(DATA SUPPLIED)
------------------------------------------------
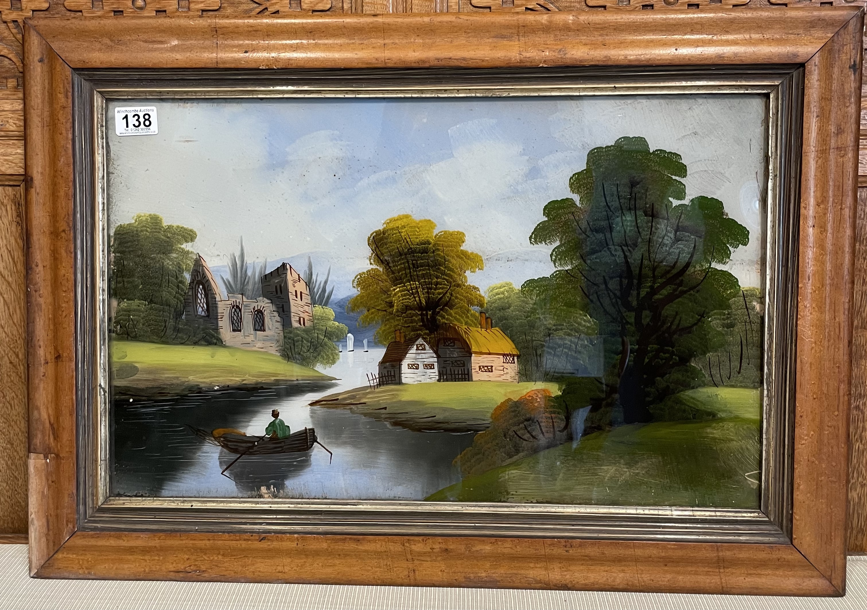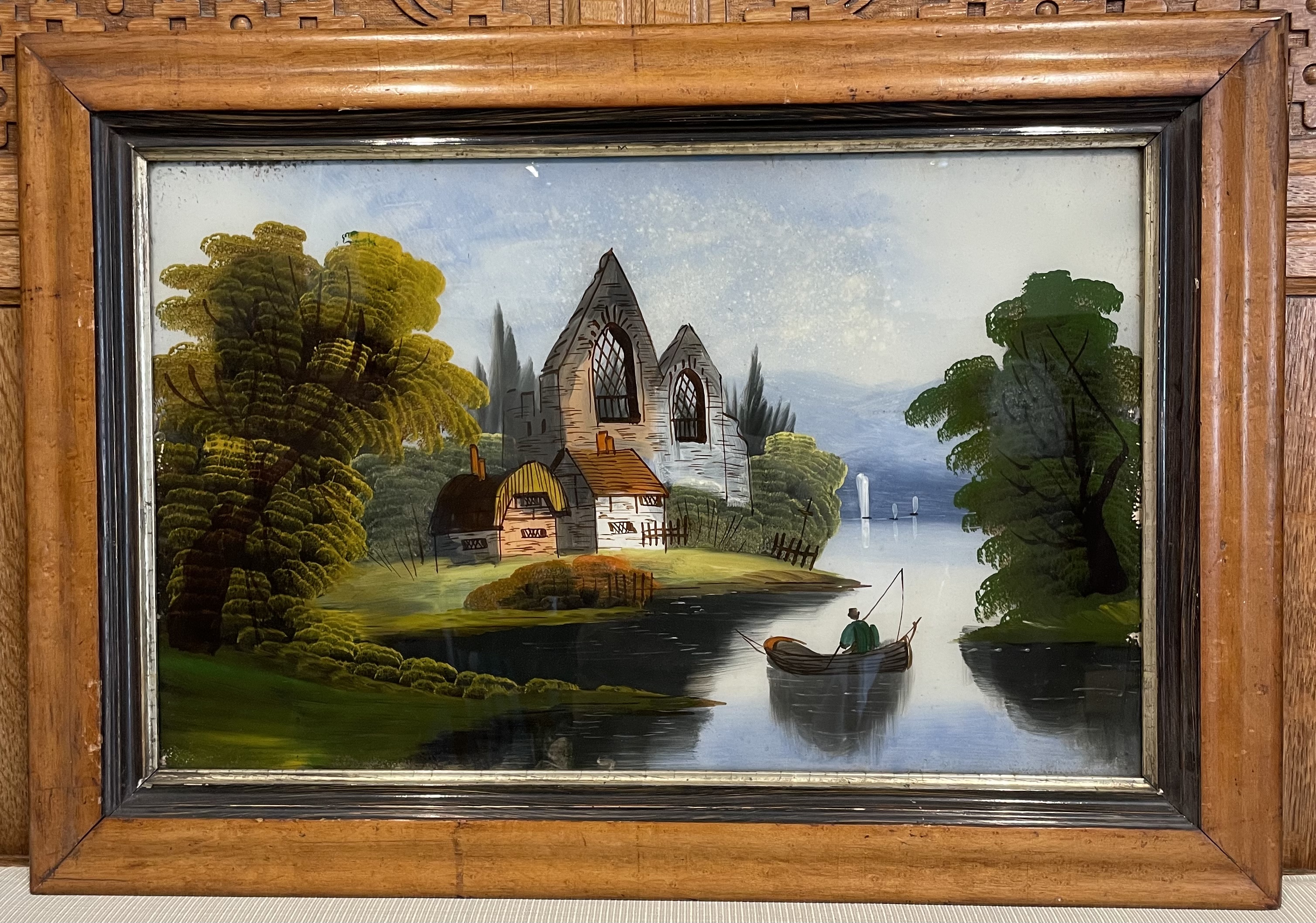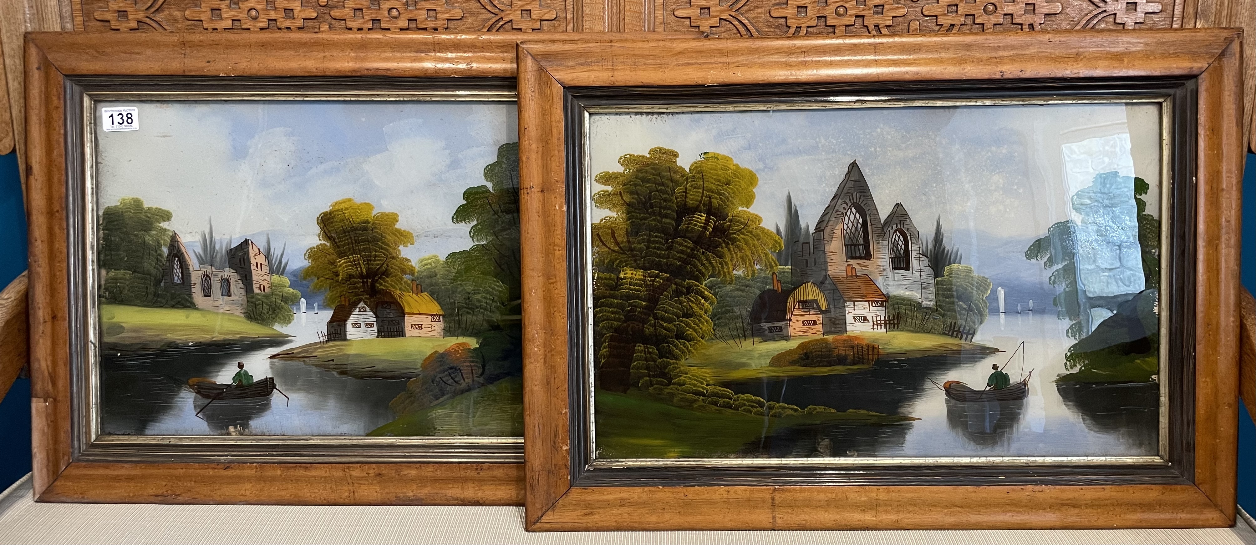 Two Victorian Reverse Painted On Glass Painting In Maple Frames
------------------------------------------------
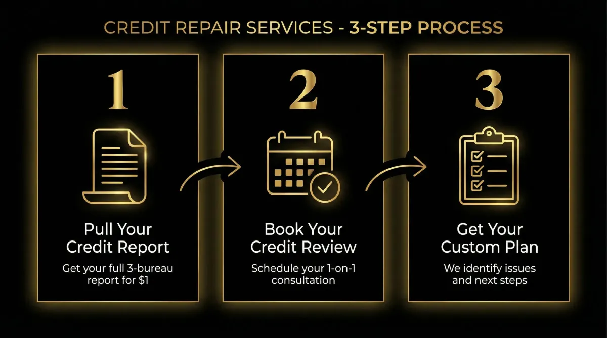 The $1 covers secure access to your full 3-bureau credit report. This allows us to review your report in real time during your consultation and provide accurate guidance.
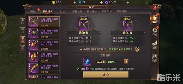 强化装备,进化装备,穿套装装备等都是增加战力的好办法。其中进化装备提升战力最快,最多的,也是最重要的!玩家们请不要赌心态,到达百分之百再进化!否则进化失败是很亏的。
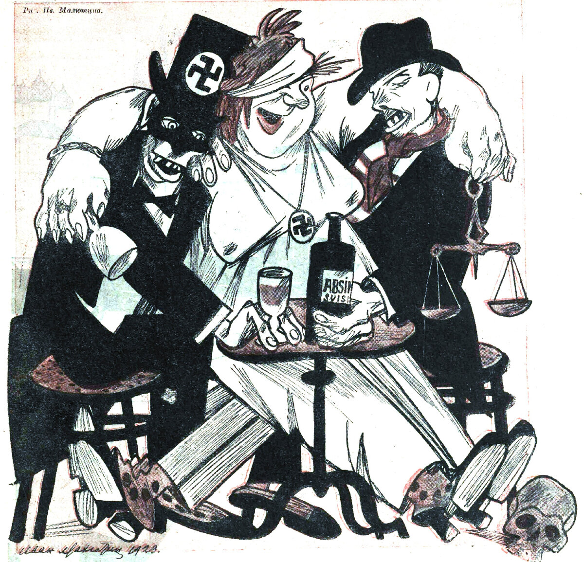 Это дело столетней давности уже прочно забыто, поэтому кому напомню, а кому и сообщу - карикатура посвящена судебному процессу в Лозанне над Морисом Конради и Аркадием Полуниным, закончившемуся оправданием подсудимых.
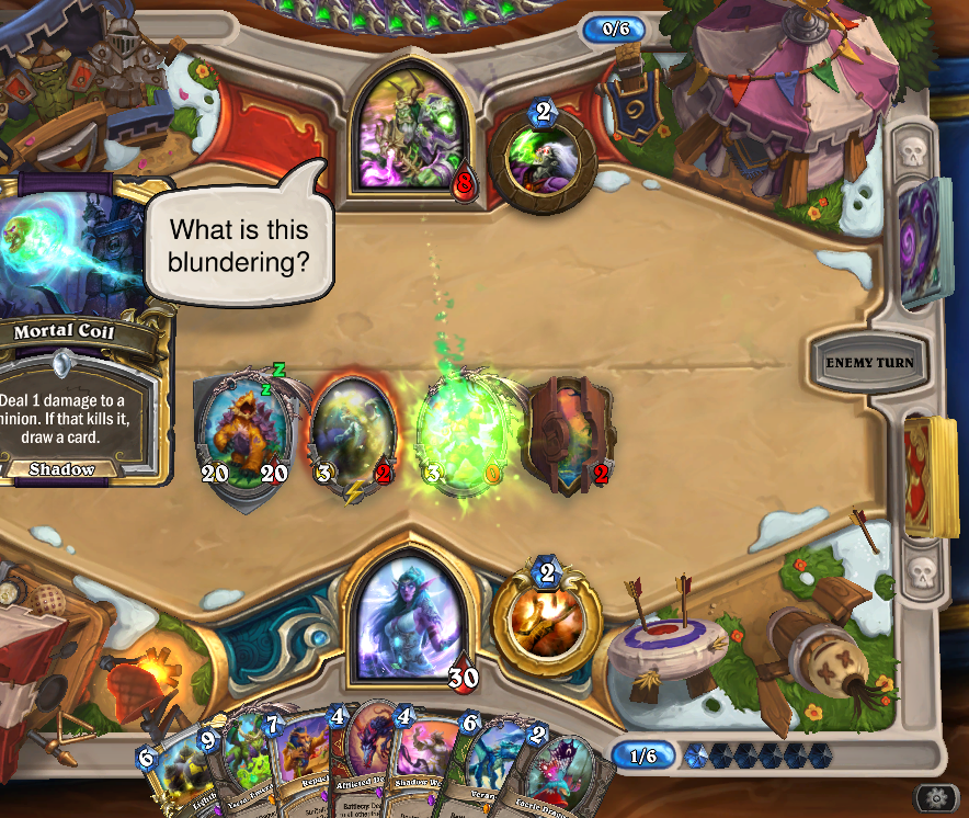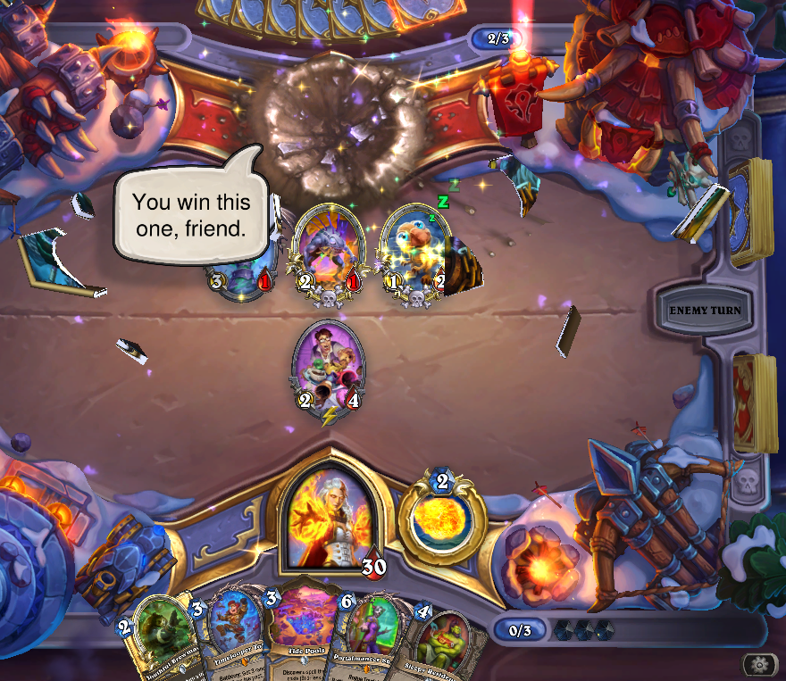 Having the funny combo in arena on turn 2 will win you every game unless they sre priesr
------------------------------------------------
(EXERCISE DIRECTIONS) Skip every picture, and restate word for word only the lines above from the line containing "Это дело столетней" to the line containing "Having the funny", both of them included.

(THE ANSWER)
 Это дело столетней давности уже прочно забыто, поэтому кому напомню, а кому и сообщу - карикатура посвящена судебному процессу в Лозанне над Морисом Конради и Аркадием Полуниным, закончившемуся оправданием подсудимых.
 Having the funny combo in arena on turn 2 will win you every game unless they sre priesr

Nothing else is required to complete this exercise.